▸ **THE PROBLEM**
Please copy all of the data that follows exactly, leaving any pictures out.
[MATERIAL TO PROCESS — start]
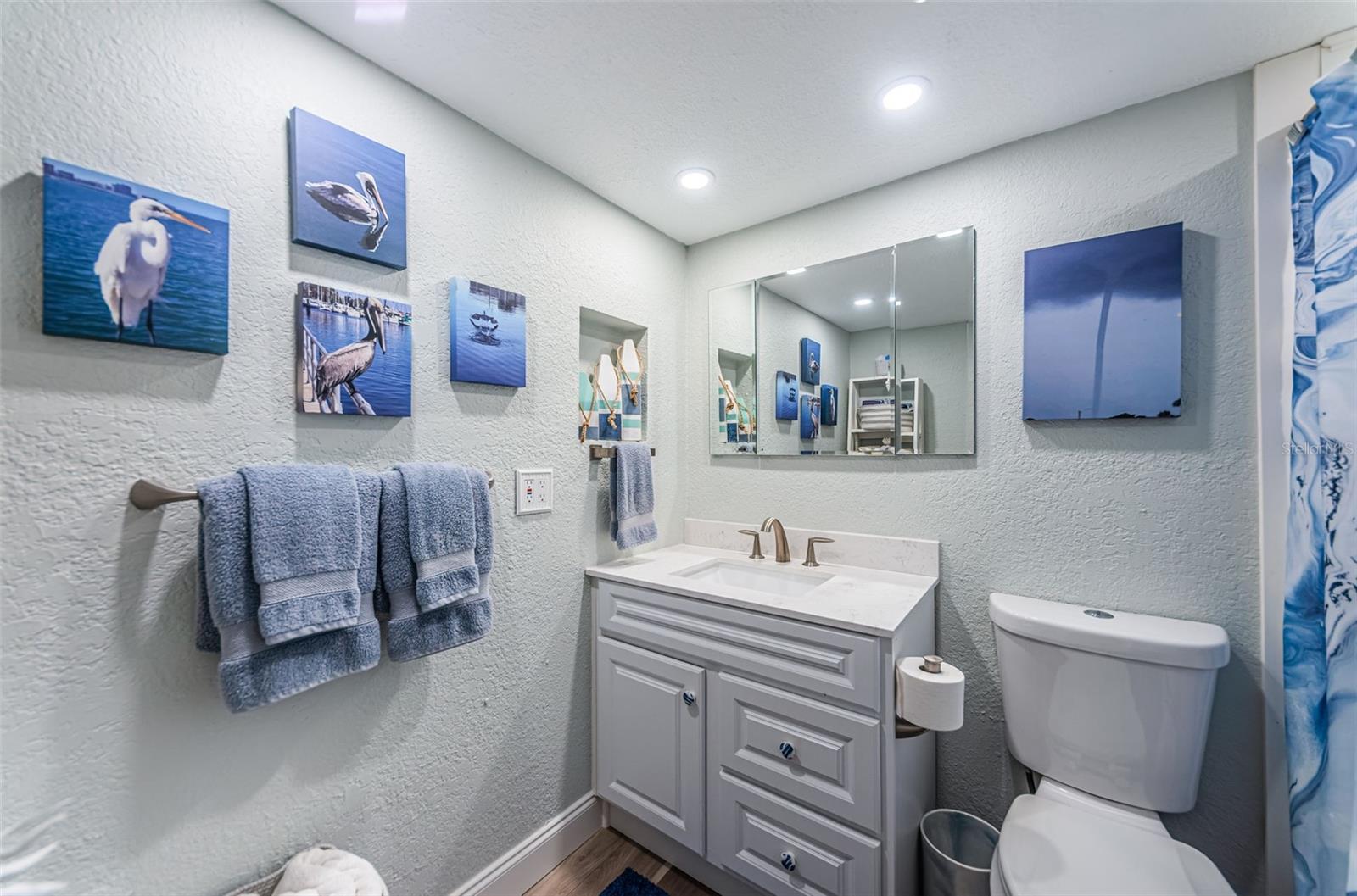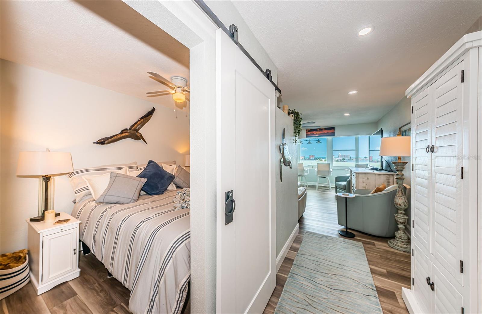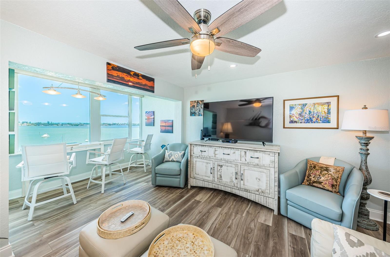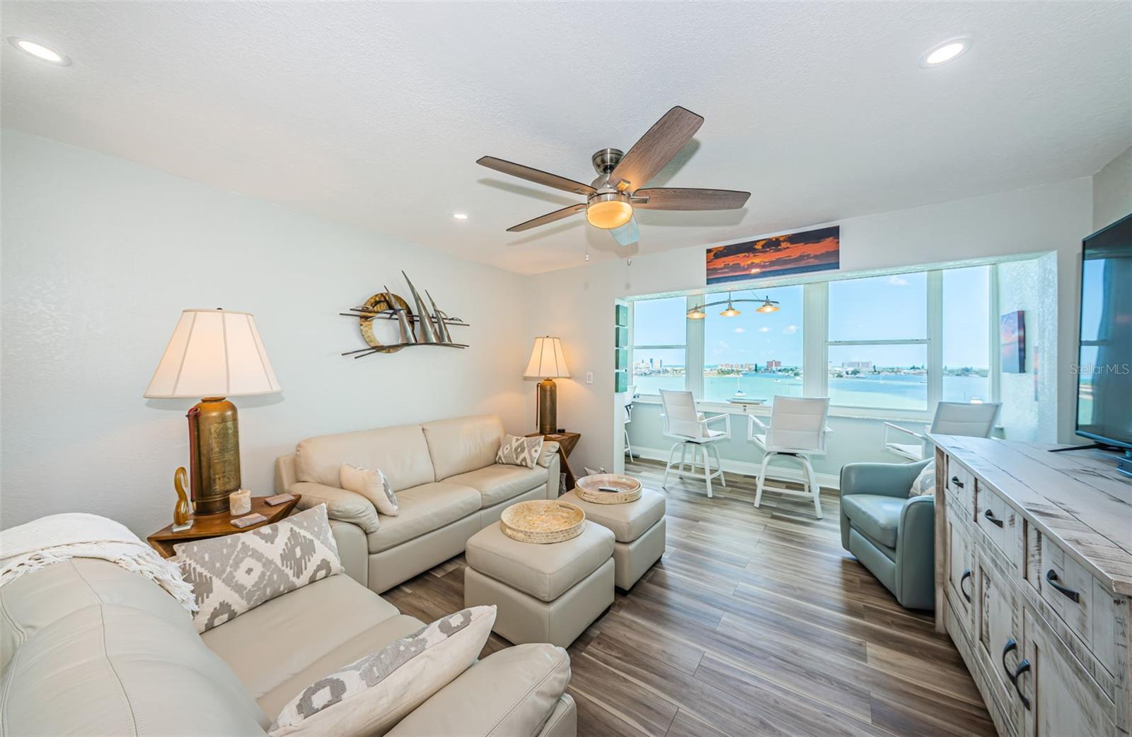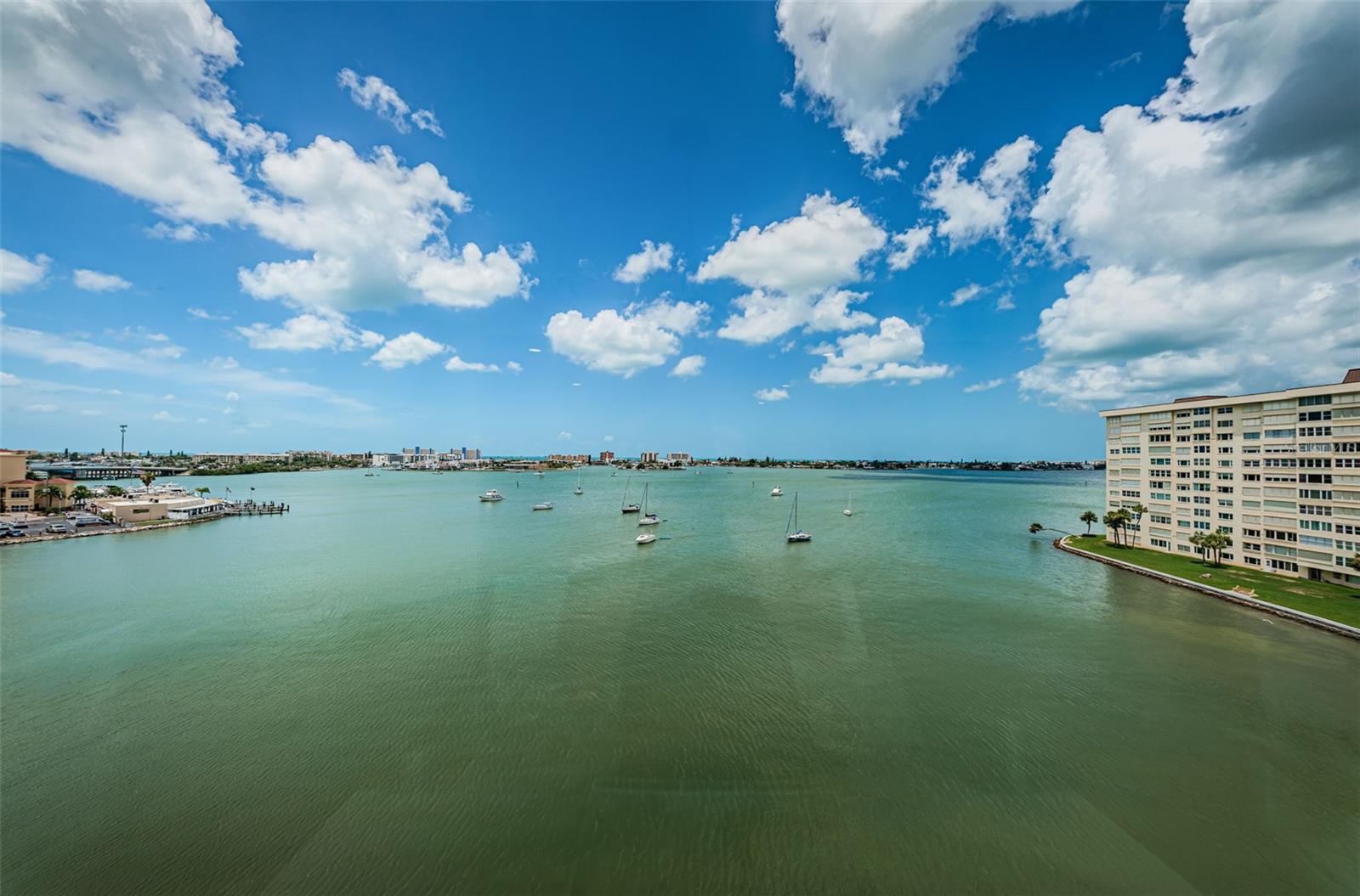 Welcome to this Luxury Studio turned into a 1 bedroom with spectacular views of the Intracoastal and Gulf of Mexico! This 1BR/1BA is a gorgeous unit and furniture is negotiable! TV stand in the living room turns into a queen-sized bed for your guest comfort! The condo has been completely renovated from floor to ceiling with top-of-the-line touches, laminate flooring throughout, bathroom has new vanity, sink, toilet plus new lighting and ceilings fans, updated kitchen with white cabinets and appliances, quartz countertops and the bedroom features a barn door with large closet, updated window plus HURRICANE SHUTTER, new hot water heater plus exquisitely decorated to enjoy the Florida lifestyle. Community here at SEA TOWERS: This waterfront community, 55+, offers fantastic amenities - two heated pools; tennis courts; fishing piers; shuffleboard courts; a putting green; a fitness center; saunas; and much more! There's even a full-time social director whose mission is to fill your calendar with exciting activities on-site, in and around St. Petersburg, and beyond. 100% Funded and Milestone inspection complete per new Condo Guidelines. Access to the beaches, nearby restaurants, shopping, John's Pass, and entertainment plus close to the bus line which makes this the perfect place to live! Call today to see this lovely unit!
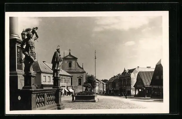 AK Lomnice n. Pop., Strassenpartie im Ortskern mit Kirche
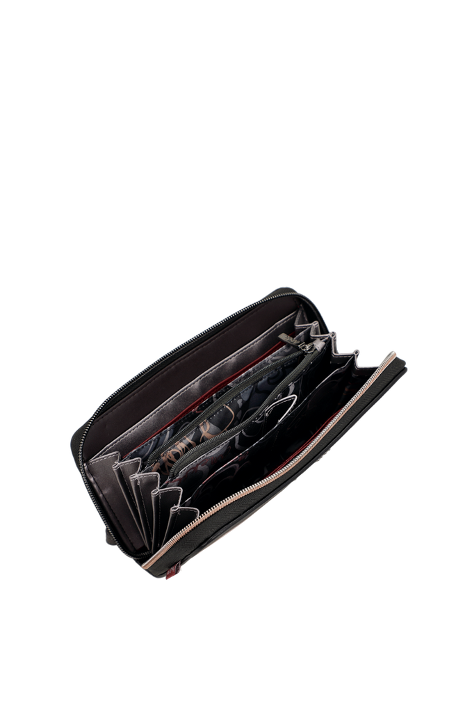 Compartiments : Plusieurs emplacements pour cartes, pochette pour monnaie zippée et compartiment pour billets ou documents.
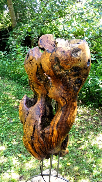Beschreibung: große, wuchtige Stand-Skulptur mit Beleuchtung (Lichtobjekt) auf 4-stäbigem Metallfuß. Dieses aussergewöhnliche Kunstobjekt lässt die Fantasie des Betrachters aus jeder Perspektive Neues entdecken. Die Skulptur entstand aus einer mehrere Meter Durchmesser großen Olivenbaumwurzel, die über viele Jahrhunderte unter der Erde gewachsen ist. Die äußerst abwechselungsreiche Struktur mit Hohlräumen, Rissen und Formen machen dieses Objekt zur lebendigen Anschauung der Natur von alten Olivenbäumen.
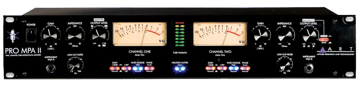 The ProMPA II can operate at either a low or high plate voltage on the two integrated hand-selected 12AX7 tubes for wider variation of preamp tone and performance. Large back-lit analog VU output meters display output levels while multi-colored LED arrays show tube gain.
[MATERIAL TO PROCESS — finish]
▸ **YOUR RESPONSE**
 Welcome to this Luxury Studio turned into a 1 bedroom with spectacular views of the Intracoastal and Gulf of Mexico! This 1BR/1BA is a gorgeous unit and furniture is negotiable! TV stand in the living room turns into a queen-sized bed for your guest comfort! The condo has been completely renovated from floor to ceiling with top-of-the-line touches, laminate flooring throughout, bathroom has new vanity, sink, toilet plus new lighting and ceilings fans, updated kitchen with white cabinets and appliances, quartz countertops and the bedroom features a barn door with large closet, updated window plus HURRICANE SHUTTER, new hot water heater plus exquisitely decorated to enjoy the Florida lifestyle. Community here at SEA TOWERS: This waterfront community, 55+, offers fantastic amenities - two heated pools; tennis courts; fishing piers; shuffleboard courts; a putting green; a fitness center; saunas; and much more! There's even a full-time social director whose mission is to fill your calendar with exciting activities on-site, in and around St. Petersburg, and beyond. 100% Funded and Milestone inspection complete per new Condo Guidelines. Access to the beaches, nearby restaurants, shopping, John's Pass, and entertainment plus close to the bus line which makes this the perfect place to live! Call today to see this lovely unit!
 AK Lomnice n. Pop., Strassenpartie im Ortskern mit Kirche
 Compartiments : Plusieurs emplacements pour cartes, pochette pour monnaie zippée et compartiment pour billets ou documents.
Beschreibung: große, wuchtige Stand-Skulptur mit Beleuchtung (Lichtobjekt) auf 4-stäbigem Metallfuß. Dieses aussergewöhnliche Kunstobjekt lässt die Fantasie des Betrachters aus jeder Perspektive Neues entdecken. Die Skulptur entstand aus einer mehrere Meter Durchmesser großen Olivenbaumwurzel, die über viele Jahrhunderte unter der Erde gewachsen ist. Die äußerst abwechselungsreiche Struktur mit Hohlräumen, Rissen und Formen machen dieses Objekt zur lebendigen Anschauung der Natur von alten Olivenbäumen.
 The ProMPA II can operate at either a low or high plate voltage on the two integrated hand-selected 12AX7 tubes for wider variation of preamp tone and performance. Large back-lit analog VU output meters display output levels while multi-colored LED arrays show tube gain.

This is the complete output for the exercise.